Mark Putnam, a political strategist and television ad maker, told The New York Times he was leaving Biden’s campaign.

“I wish the vice president well,” Putnam said, before refusing to discuss the parameters of his exit.

He “declined to address the reasons for his departure,” according to the Times report, “though they did not appear to be related to Mr. Biden’s struggles over the last few weeks concerning abortion rights and race.”

On Tuesday, the Democrat frontrunner invoked his friendship with the late Sens. James Eastland (D-MS) and Herman Talmadge (D-GA) while arguing he was the best candidate to forge a bipartisan “consensus” if elected president.

“I was in a caucus with James O. Eastland,” Biden said in an exaggerated Southern drawl. “He never called me boy, he always called me son.”

“Well guess what?” the former vice president continued. “At least there was some civility. We got things done. We didn’t agree on much of anything. We got things done. We got it finished. But today you look at the other side and you’re the enemy. Not the opposition, the enemy. We don’t talk to each other anymore.”

When Biden’s praise of the senators’ “civility” was reported it quickly caused stirs because both men were well-known segregationists. During their long tenures in the Senate, Eastland and Talmadge were at the forefront of the resistance to integration and civil rights.

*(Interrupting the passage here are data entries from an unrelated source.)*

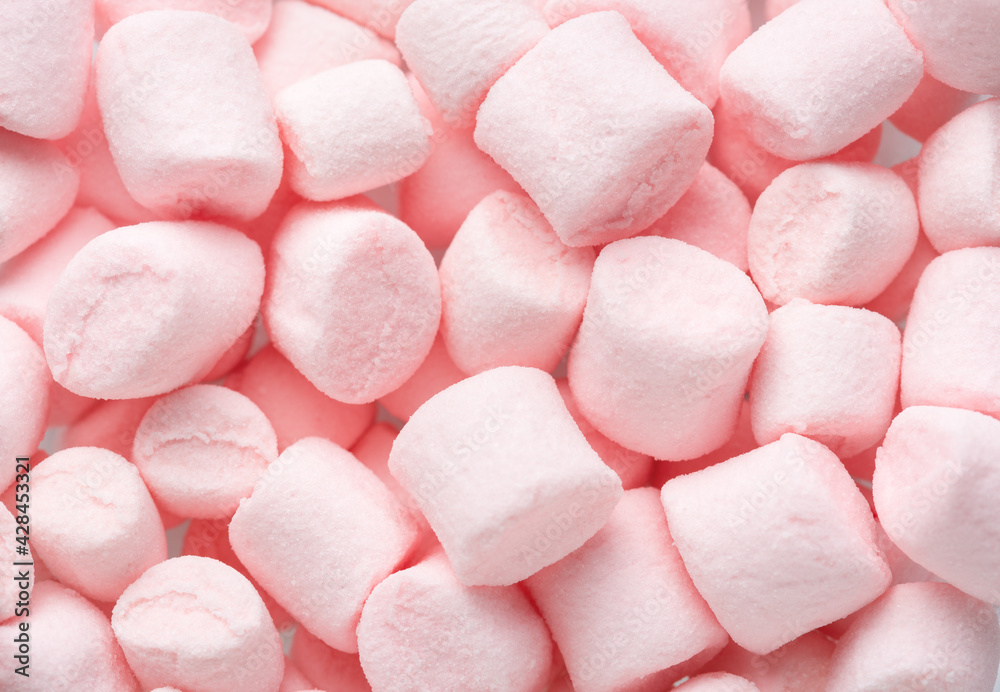 Mini marshmallows of light pink colors. Selective Focus. Flat lay.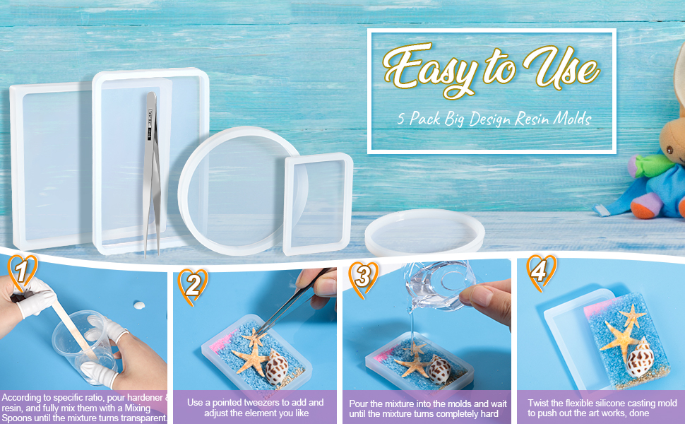 5 Pack Big Designs Resin Molds Include Round Square Rectangle | Desertcart Bolivia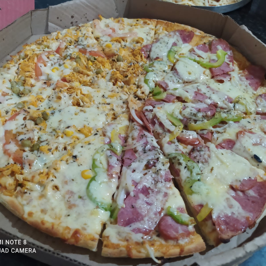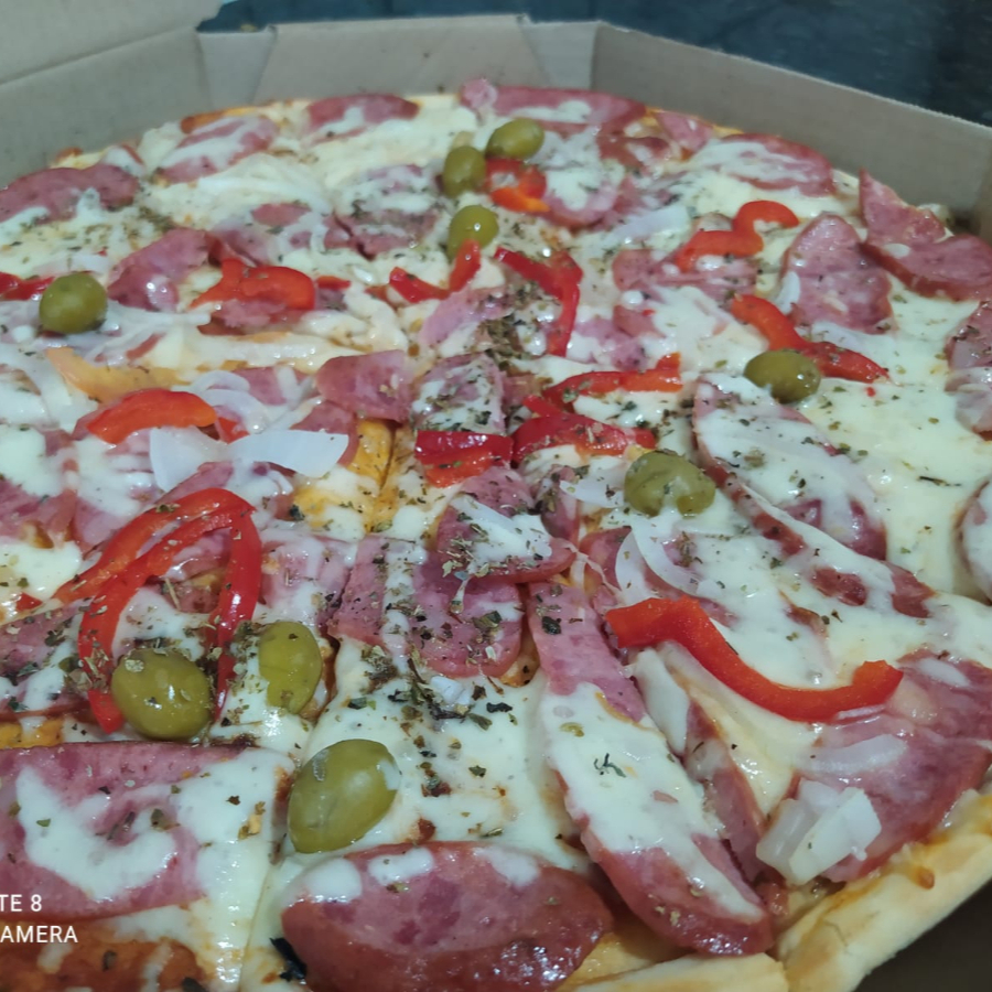 Molho, Mussarela, Calabresa, Frango, Presunto, Pimentão, Ovo, Palmito, Tomante, Milho Verde, Ervilha, Azeitona e Orégano

The backlash grew throughout Wednesday, especially after Biden’s White House competitors began denouncing the comments as insensitive and inappropriate. The situation was only aggravated when Biden’s campaign attempted to dismiss the controversy by suggesting criticism of the vice president’s praise of the Democrat segregationists was “disingenuous.”

Biden, himself, only added to the troubles by standing defiant when asked if he would issue an apology on Wednesday.

“Apologize for what?” Biden said, adding he “could not have disagreed with Jim Eastland more.”

The former vice president also took a shot at his fellow 2020 Democrat presidential hopeful, Sen. Cory Booker (D-NJ), who earlier in theday delivered an impassioned rebuke of Biden’s remarks.

“Cory should apologize. He knows better,” Biden said. “There’s not a racist bone in my body. I’ve been involved in civil rights my whole career, period, period, period.”